I wanted to go see him for the last time. I did not. I could not.  I thanked those who gave me the particulars about his death and the location to the funeral, then proceeded to block them from my life forever. Why? I'm not sure, really...



I wonder if anyone can identify with my topic today. It is completely raw and definitely real. I hold nothing back here, for while the universe moves and things take place that coordinate with birthing, growing, and dying, we cannot help but be affected by these physical courses in our metaphysical psyches. 

So here is the premise to my blog: I believe that every traumatic loss makes room for a change in one's emotional identity, and in fact, the experience MUST cause a change for the better, or it will cripple one for life. Hence, while the loss may affect many, we can only surmise for ourselves the significance of it, thereby theorizing its significance in the overall purpose of life. Because, after all, we are ALL connected, and what happens to one, happens to another and another and another, and eventually affects us all.

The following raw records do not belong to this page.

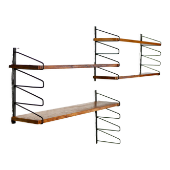 Beautiful timeless mid century vintage wall system by poul cadovius from the 1960s. View the photos for all details! This compact wall system can be arranged completely at your own discretion. This system is in a bonkonko veneer oak veneer edition. This version is not often offered. Layout: • 3 shelves 20 cm deep. • 1 wall slats of 50 cm length and 2 wall slats of 70 cm length. This poul cadovius wall system is in a beautiful vintage condition, with minimal traces of use. The wall battens are shortened at the bottom.
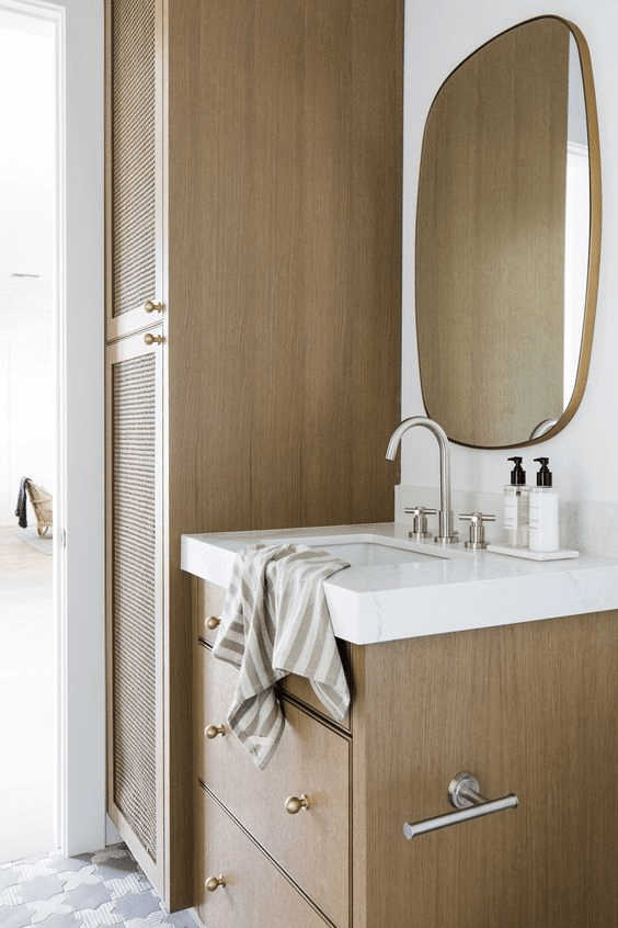 I love the wood tone of this cabinetry and the terrazzo flooring. The sink is also very interesting!
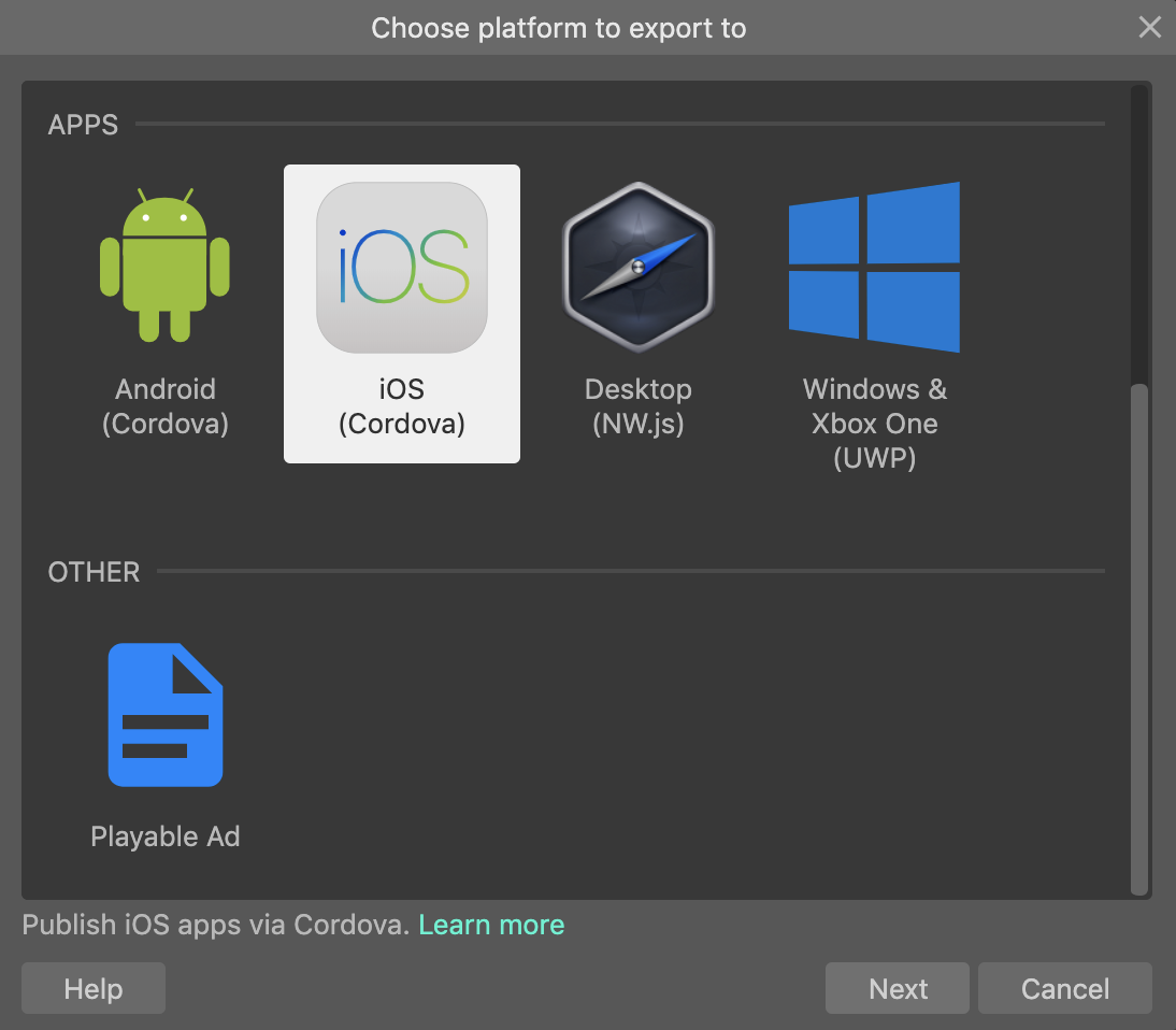 C3可以直接从Project菜单下Export进行打包。选择iOS打包即可。

But let us think a moment: WHAT qualifies as a traumatic loss? Is it different for different people? Do people define it differently? Or is it the same, but people are on various levels of understanding that the event does not register at the specific time, or perhaps NEVER registers. Those people also never change, either for the better or otherwise. There really is a difference here. I will try and explain the nuance through my observations and experiences.







At the risk of sounding clinical, I have observed others--as well as myself--then watched how people  changed during the course of time thereafter, ESPECIALLY myself. After years of watching and after including  my own experiences and entering them into my personal data, I realize certain principles about life and people. Two things stand out to me: in order for an event to qualify as a traumatic loss, it has to be so significant that those who it affects display a contradictory behavior from their "normal" behavior, after having experienced it. Secondly, the questionable behavior has to affect others most likely close to the person who was initially affected. Once these two phenomena occur it is evident that a traumatic event has happened--but I called it a "loss." why? Let me explain.  A traumatic event is similar to a fire, which, when it occurs destroys matter around it. But is the matter really destroyed? Or, does it merely change form--from matter to matter?

I have to stop now, because I am exhausted with emotional traumatic effect. But do not think I have given up on my assertion, for it will take me a few annotated pages before I'm finished with this particular topic. Therefore, tomorrow I will continue this assertion of today, attempting to coordinate the emotions to the laws of Thermodynamics, defined as this:

"The Law of Thermodynamics:

1. (Physics / General Physics) any of three principles governing the relationships between different forms of energy. The first law of thermodynamics (law of conservation of energy) states that the change in the internal energy of a system is equal to the sum of the heat added to the system and the work done on it. Thesecond law of thermodynamics states that heat cannot be transferred from a colder to a hotter body within a system without net changes occurring in other bodies within that system; in any irreversible process, entropy always increases. The third law of thermodynamics (Nernst heat theorem) states that it is impossible to reduce the temperature of a system to absolute zero in a finite number of steps
2. (Physics / General Physics) Also called zeroth law of thermodynamics the principle that if two bodies are each in thermal equilibrium with a third body then the first two bodies are in thermal equilibrium with each other."